ISSN Печать: 0893-9675
ISSN Онлайн: 2162-6448

Critical Reviews™ in Oncogenesis

DOI: 10.1615/CritRevOncog.2013006145
pages 235-246

Gaucher Disease and Malignancy: A Model for Cancer Pathogenesis in an Inborn Error of Metabolism

Pramod K. Mistry
Yale University School of Medicine, New Haven, CT 06520-8064
Tamar Taddei
Section of Digestive Diseases, Yale School of Medicine, New Haven, CT 06520-8064
Stephan vom Dahl
Department of Medicine, St. Franziskus Hospital. Academic Teaching Hospital. Cologne
Barry E. Rosenbloom
David Geffen School of Medicine at UCLA and Cedars-Sinai, the Comprehensive Gaucher Diagnostic and Treatment Center at Cedars-Sinai Medical Center, Beverly Hills, California 90211

Краткое описание

Clinical observations spanning almost half a century have demonstrated a consistent association of type 1 Gaucher disease (GD1) and cancers. However, the cellular and molecular bases of the association are not understood. Gaucher disease (GD) is a lysosomal storage disorder due to an inherited deficiency of acid β-glucosidase that underlies the accumulation of glucosylceramide in lysosomes of mononuclear phagocytes and immune dysregulation. The overall cancer risk is markedly increased in GD, and the determinants of malignancy in a subset of patients with GD1 are not known. The association of GD and cancer is most striking for hematological malignancies, with the risk for multiple myeloma estimated at almost 37-fold compared to the general population; some studies have also suggested increased cancer risk for non-hematological malignancies. There is no association of overall severity of GD to risk of cancer, although there is an increased prevalence of splenectomy among patients exhibiting the GD/cancer phenotype.
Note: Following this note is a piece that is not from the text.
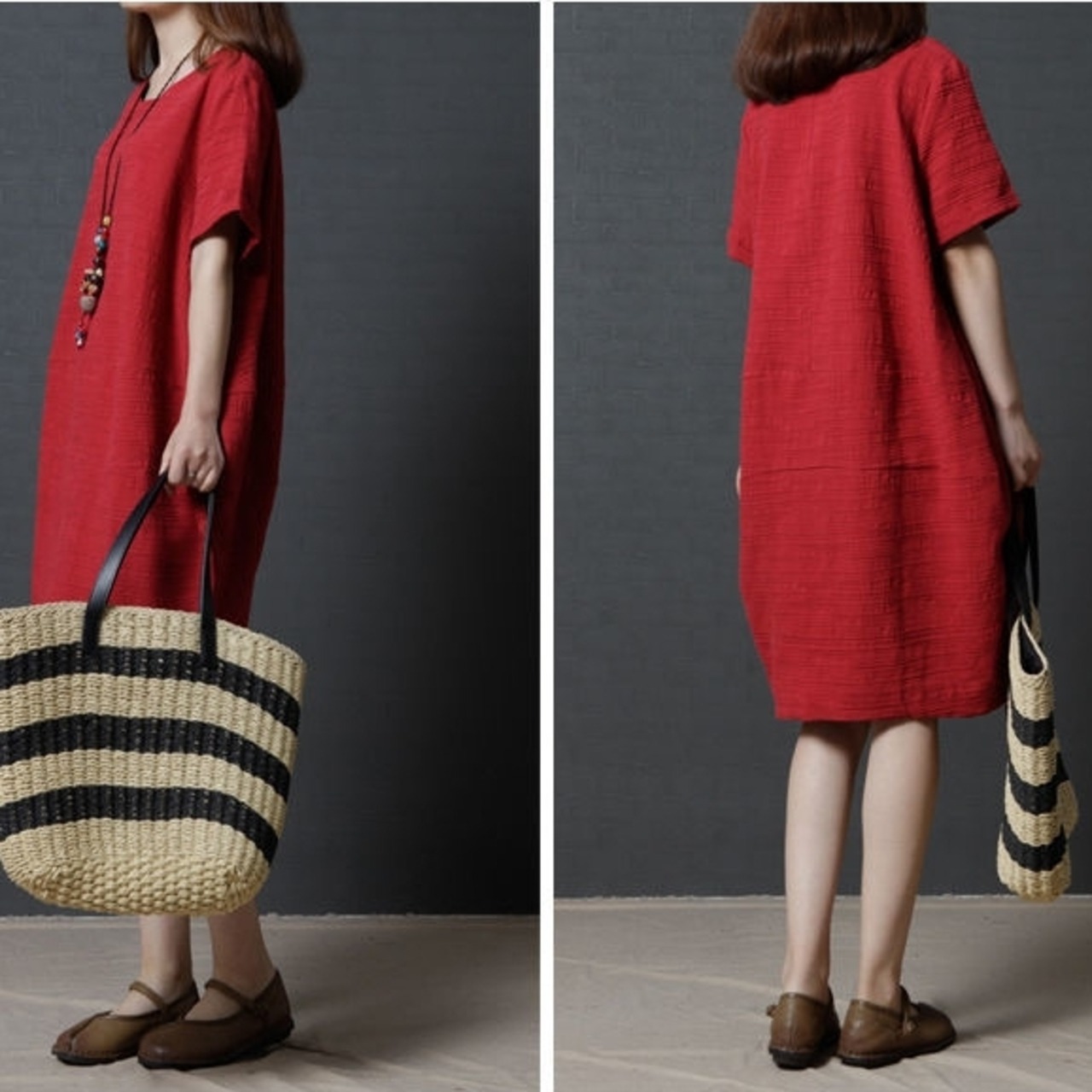 おしゃれと快適さを兼ね備えた、ミディアム丈の半袖ワンピースです。

Moreover, there appears to be an increased incidence of multiple consecutive cancers in individual patients. Several factors could contribute to cancer development in GD, including polarization of macrophages to the alternatively activated phenotype, chronic inflammation, chronic B-cell stimulation, splenectomy, hyperferritinemia, lysosomal dysfunction, and endoplasmic reticulum stress. Recent studies have highlighted T-cell dysfunction and modifier genes contributing to an increased cancer risk in GD. Macrophage-targeted enzyme replacement therapy (ERT) reverses systemic features of GD1; while cancer risk appears to be reduced in the era of ERT, it is not known whether this is a direct effect of therapy. Delineation of the mechanisms underlying the increased cancer risk in GD will provide additional novel insights into the role of lipids and macrophages in cancer pathogenesis and, moreover, have the potential to reveal novel therapeutic targets.